The next step is to assume that word refers to a slightly more complicated rule—one that uses bracketed words in its right-hand side, but only words that refer to rules with no
bracketed words of their own. When you encounter a recursive call to gen_aux, do not try to figure out what it does. Instead, remember that you have already convinced yourself that it
works in this case, because you know that at worst, its argument is a category that does not lead to any further bracketed words. Eventually, you will see that the function works in all cases, because each recursive call simplifies the argument.
We do not know any sure way to explain recursion. Our experience is that people stare at recursive programs for a long time without understanding how they work. Then, one day, they suddenly get it—and they don't understand why they ever thought it was difficult. Evidently, the key to understanding recursion is to begin by understanding recursion. The rest is easy.

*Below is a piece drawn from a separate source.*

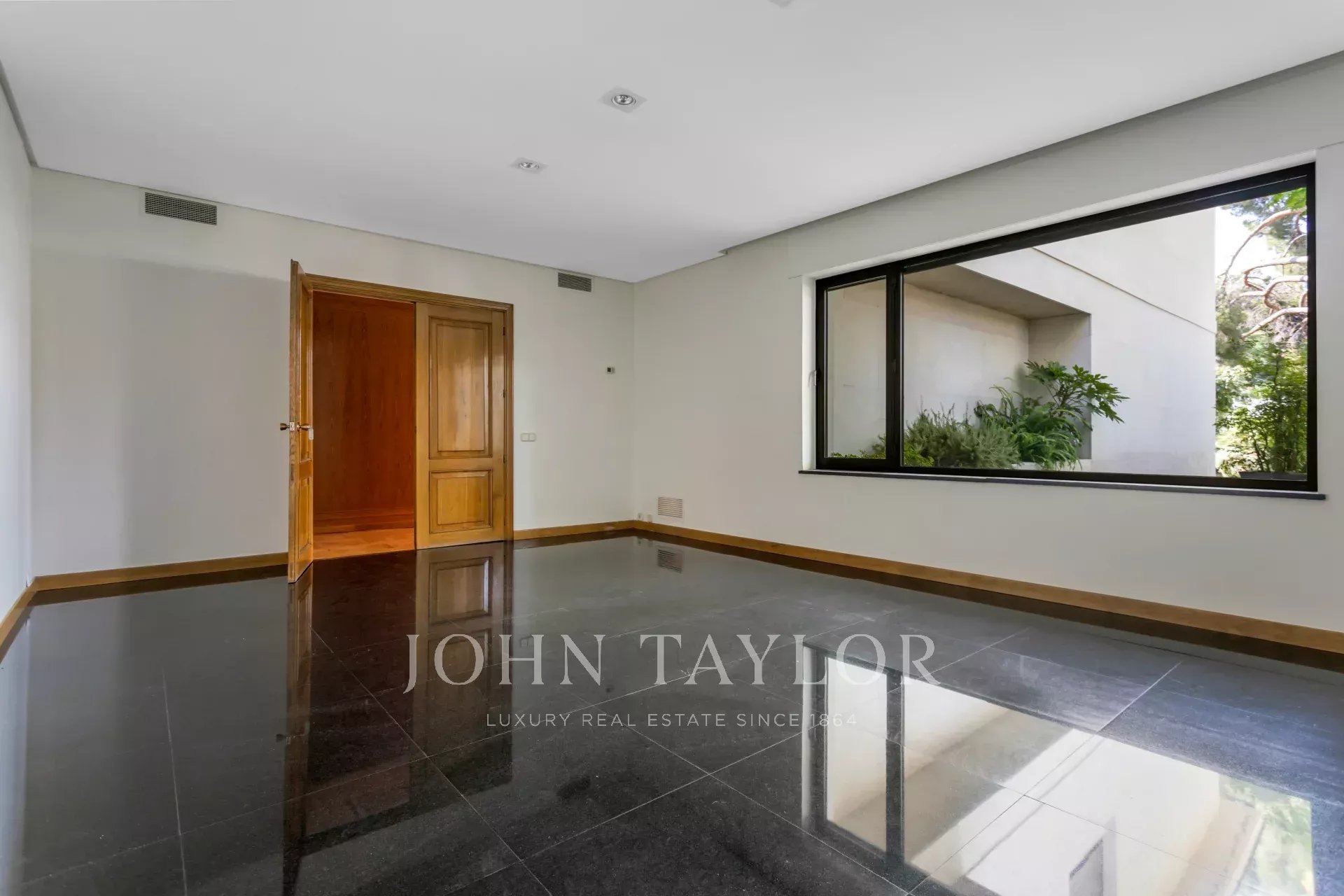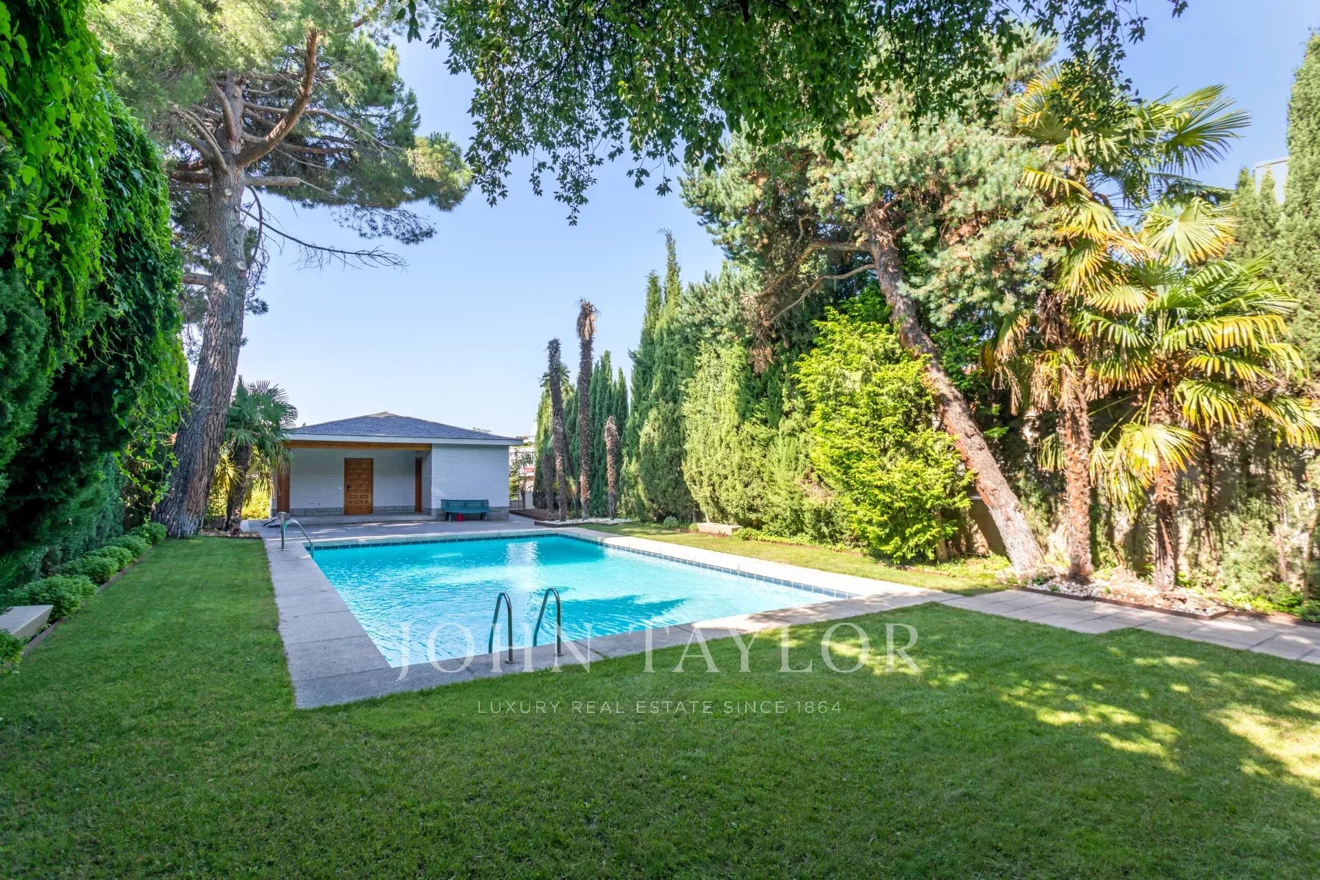 La zone de loisirs est composée d'un splendide jardin sur deux niveaux avec de magnifiques vues sur Madrid, d'une piscine au chlore de 12x8, d'un pool house et d'un court de paddle, d'une magnifique cave à vin avec une capacité de stockage de plus de 30 bouteilles de vin. L'ascenseur permet d'accéder à tous les étages, à l'exception du parking. La propriété est orientée nord et sud.

Having written gen_sentence, read_grammar, and the associated auxiliary functions, we'll want to use them:
int main() {
// generate the sentence
vector<string> sentence = gen_sentence(read_grammar(cin));
// write the first word, if any
vector<string>::const_iterator it = sentence.begin();
if (!sentence.empty()) { cout << *it;
++it;
}
// write the rest of the words, each preceded by a space while (it != sentence.end()) {
cout << " " << *it;
++it;
}
cout << endl;
return 0;
}
We read the grammar, generate a sentence from it, and then write the sentence a word at a time. The only even minor complexity is that we put a space in front of the second and subsequent words of the sentence.